October 25, 2006

  • I figured it out! 

    Okay, not me personally exactly.  But here's the thing.  In my office we've spent a lot of time trying to figure out WHERE the Federal Government comes up with the figure that they say a family of four can live on. 

    So I'm reading today and I found it.   It comes from a formula the Social Security Administration put together in 1964.  It sets the poverty level at three times the cost of a "thrifty food basket."  This is because in 1955 (the year for which figures were known when the formula was set) an average family spent 1/3 of it's budget on food. 

    BUT - here's the rub and it explains why the figures are so off for people struggling to live today on what the government says should be a "good" wage.  Food prices have not risen as much as the price of almost every other necessity. 

    In 1955, milk cost .92 a gallon, eggs were .72 a dozen, a postage stamp was .03, the average cost of a new car was 1,950, gas to drive it was .23, and the average cost of a new home was $22,000.  This was at a time when the average income was $4,137.

    Today, do you know how much milk costs?  That was the question that stumped the first President Bush, he had no idea.  Milk prices vary somewhat around the nation but the average is $2.99 per gallon.  A postage stamp is .39, the average cost of a new car is $28,481, and a new home will run you $264,540.  The average income today is about $43,000.

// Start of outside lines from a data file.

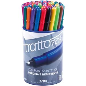 TRATTO Pen - Pennarello a punta sintetica indeformabile, inchiostro a base d'acqua, tratto 0,5 mm, barattolo da 50 colori assortiti
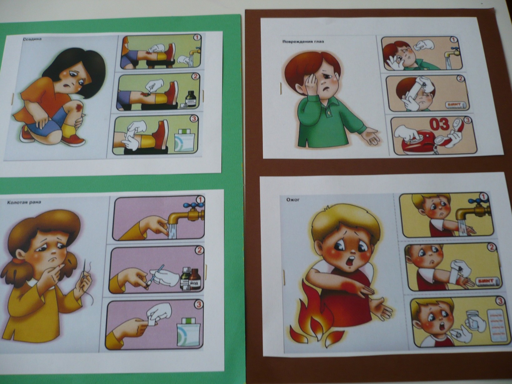 Προστατευτικά. Τραυμαπλαστ. Γάζες. Ελαστικός επίδεσμος. Βαμβάκι. Φάρμακα. Οξυζενέ. Οινόπνευμα. Αντισηπτικό. Αντισταμινική αλοιφή. Κρέμα για εγκαύματα. Αντιβιοτικό σπρέι. Εργαλεία. Αυτοκόλλητη ταινία για γάζες. Ψαλίδι. Τσιμπιδάκι. Θερμόμετρο.
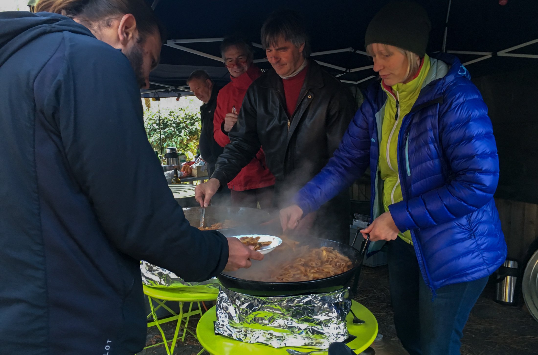Die kühle Witterung und der starke Wind machten unsere diesjährige Dünenwoche zu einem Erlebnis für Liebhaber nordischer Temperaturen. Dem unbeständigen Aprilwetter zum Trotz, rockten wir die Düne jeden Tag bis in die Nacht hinein und versuchten Wind und Gleitschirm zu bezähmen. Für die nötigen Kalorien, um uns bei Kräften zu halten, sorgte das gut eingespielte Küchenteam mit viel Elan und kulinarischem Wissen. Vielen Dank an dieser Stelle für die abwechslungsreiche und hervorragende Kost!
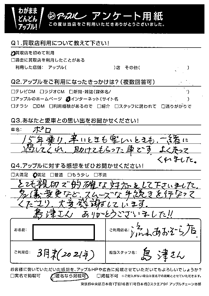 H様 車名:フォルクスワーゲン ポロ
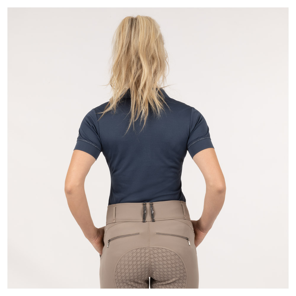 Lækker polo T-shirt med “diamantknapper” foroven samt fine sølvdetaljer ved skuldrene.
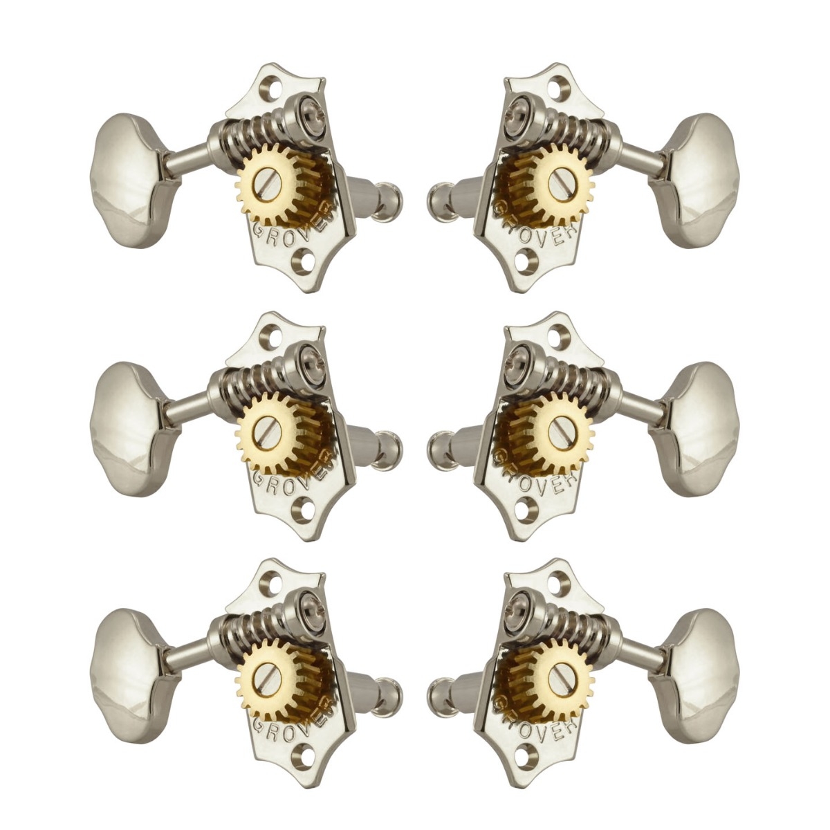 The 18:1 gear ratio Grover® Sta-Tite™ machine head. The classic styling of the Sta-Tite™ returns with the Grover® name. The butter bean button identifies this as the original. A 18:1 gear ratio provides precise tuning. Wood screws, washers, and bushings included.
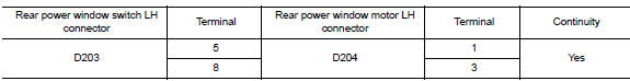 Check motor operation by connecting the battery voltage directly to rear power window motor LH D204.
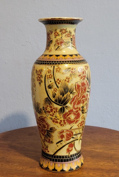 • Vaso em porcelana chinesa, decoração floral com realces dourados. Med.: 31x13cm
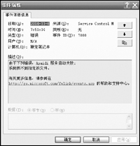 | 3.调试端口信息 这里会显示应该如何设置内核调试器的信息,包括内存转储映像是否已写入磁盘、使用什么端口来完成这次调试。 其实,根据笔者的经验,蓝色警报中除了出错代码比较有用外,对普通用户来说,其余的大部分信息并无多少实际意义,仅供参考而已。 为调试系统的需要,Windows在系统出现BSOP错误后,KeBugCheck会自动生成一个名为Memory.dmp的侦错文件,该文件位于C:\Windows\Minidump\文件夹下,默认设置下,该文件的大小与系统物理内存容量一致,我们可以将该文件压缩后发送给微软的技术支持部门,以获取相应的解决方案,但该文件的容量是如此巨大,如何发送是一个大问题,因此很少有用户真正这样做。 提示:打开“系统属性→高级→启动和故障恢复”窗口,如图2所示,在这里可以看到“写入调试信息”的生成方式:小内存转储、核心内存转储、完全内存转储、无,基于上面的分析的原因,建议在这里选择“无”。 ![]() 三、处理蓝色警报三部曲 虽然Windows 2000/XP的蓝色警报窗口显示的信息可能各有不同,或者是硬件原因,或者是驱动程序与系统兼容性方面的问题,或者索性是应用程序的某些Bug。首先当然是排除病毒的原因,然后我们可以按照如下步骤进行处理: 第1步:重启系统 出现蓝色警报窗口时,我们首先应该考虑的是重新启动系统,大部分情况下重启系统后即可解决问题。不过,一般此时已无法通过“Ctrl+Alt+Del”热启动,而只能按下复位按钮冷启动,或者索性断电后重新开机。 ![]() 进入系统时,从“控制面板→管理工具→事件查看器”,或者在“开始→运行”框中键入“eventvwr.msc”命令进入事件查看器界面,如图3所示,在这里根据日期和时间重点检查“系统”和“应用程序”中的类型标志为“错误”的事件,例如图4报告某个服务启动失败的错误。 ![]()

    The Federal Government in all its wisdom says that a family of three that has income below $16,600 is impoverished.

    Remember in 1955, a family spent a third of it's money on food.  Milk and eggs don't cost 10 times as much today as they did back then, but everything else does.  So a formula that assumes a family can live on three times the amount of their grocery budget, is simply a ludicrous proposition. 

    The American economic landscape is very different today.  And the Federal poverty guideline underestimates the numbers whose lives can reasonably be considered impoverished. 

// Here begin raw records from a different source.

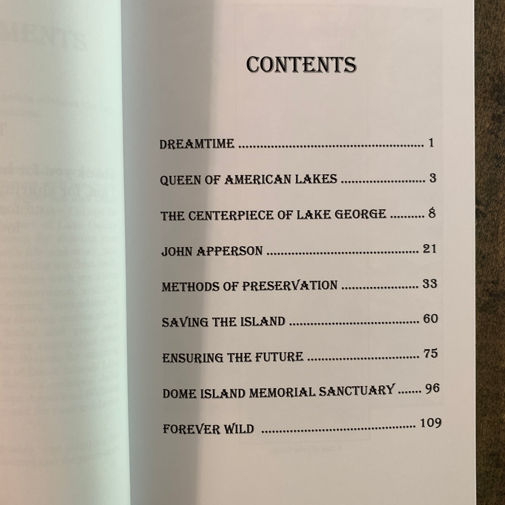 Written by Noah Chirnomas, Dome Island: Forever Wild on Lake George gives a complete look at the history of Dome Island, from its creation by glaciers to its protection by activist and preservationist John Apperson. Chirnomas includes many historic photographs and letters to help tell the Island's story, as one of Lake George's only islands untouched by development or tree clearing.
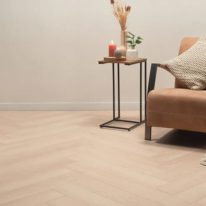 Een lichte vloer zoals deze vloer maakt de ruimtes optisch groter en zorgt voor een tijdloze, heldere uitstraling. Hierdoor is deze kleur uitermate geschikt kleinere ruimtes of ruimtes met weinig lichtinval.
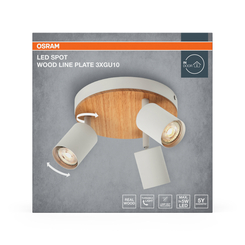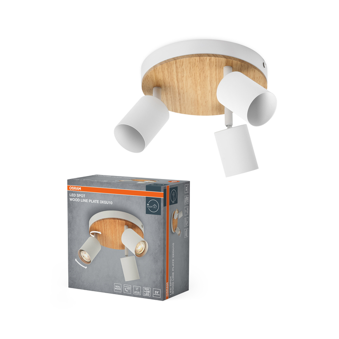 LED Spot Wood Line Plate 3xGU10 White and Wood Decor
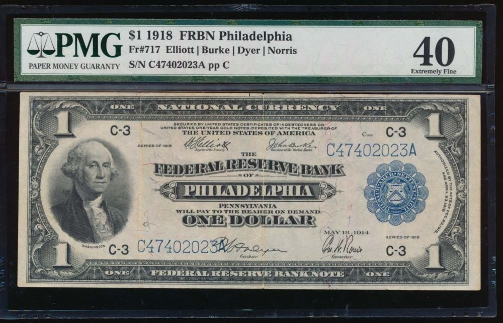 One 1918 $1 Philadelphia Federal Reserve Bank Note PMG 40.
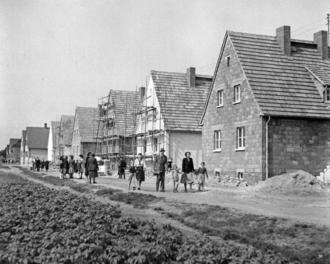 Damals wie heute herrschte notorischer Wohnungsnotstand, auch in Kelsterbach. Und damals wie heute wurde durch den Bau neuer Wohneinheiten versucht, diesem Missstand entgegenzuwirken. Der Vorteil in den Nachkriegsjahren war sicherlich der, dass man noch reichlich unbebauten Platz hatte und man sich gen Oberdorf ausdehnen konnte. Auf dem Bild vom Juni 1949 gab es an diesem Tag für Glanzstoffangehörige die Gelegenheit, sich die kurz vor der Fertigstellung stehenden Häuser in der Siedlung (nicht zu verwechseln mit den Siedlerhäusern), die so genannten Glanzstoffhäuser, von innen anzusehen. Nachdem man sich ein Bild von den Wohnungen gemacht hatte, konnte man sich entscheiden, ob man sich für eine Wohnung bewerben wollte. Rund um die Häuschen gab es obendrauf noch einen Garten der bewirtschaftet werden konnte, um sich ein wenig selbst zu versorgen. Der Feldweg, auf dem die Pilgerschar entlangläuft, ist übrigens die heutige Straße „Kleiner Kornweg“. Die kleinen Häuschen mit je zwei Wohneinheiten, fielen nach der Jahrtausendwende der Abrissbirne zum Opfer, um Platz für moderne Wohnhäuser zu schaffen.

    Okay, I don't feel a whole lot better now that I've written it all out, but it does help me understand why I've been told that I make too much money to qualify for programs that might help me cover necessities for the boys.  The people who figured that out - haven't bothered to notice that we aren't living in 1955 anymore. 

    Just to put this into numbers that show my personal acquaintance with the problem, my personal income is a hair below $20k.  My rent is more than 50% of my gross monthly income.  The co-pays for the boys doctor visits and medications are almost 10% of my gross monthly income.  Utilities and phone run almost 25%.  And my car insurance is 4%.  Of GROSS.  So you can see why I'm upset about the thought of my employer with-holding taxes and so forth if my status is swtiched from an Independent Contractor to an Employee.  If I added that right in my head, my budget is slightly less than 89% of my gross income for fixed expenses.  If it weren't for child support, we wouldn't be eating.

Comments (8)

  • That explains a lot.

  • Yes...the standard needs to be changed....right along with the rate of inflation....Oh...but that would make sense! *smirk*

  • I don't know how you manage to save anything!!! You are good. I don't know how a family can live on less then 100 thousand given what you just wrote there.

  • Thad told me today that Cheryl had to have a stint put in her heart.  MY god she is 36!!!  How iw she?  I didn't even know she had been sick.

    Shelly

  • Trust you to pin down the source figure -- and the fallacy that underpins it. I sure hope that's going in the book AND in the next set of letters to the leaders of the realm . WTG, Lady. If anyone's going to make change happen, you're on the top of my list to actually do it, against all odds.

  • the powers that be are so far removed from the daily reality of most people.....

  • yikes. I am shocked that you make less than $20k doing what you do. Ok, I know writers aren't the BEST paid people around :) And Independent Contractor status is especially hard. But surely if you went to regular employee status they would have to pay you more... yes, I think you already said they would. Seriously, I would not worry about the withholdings. With two kids on that income, I don't see how you would even owe any income taxes - so don't let them take any out.

    Oh, and we make a lot more (as a two-income family), but we still spend 50% of our income on housing/mortgage. I've found that the more money you make, the higher your expenses seem to be!

  • Politics demands that the standard be kept where it is. You can't announce that the country suddenly has so many more families living below the poverty line if you want to be re-elected.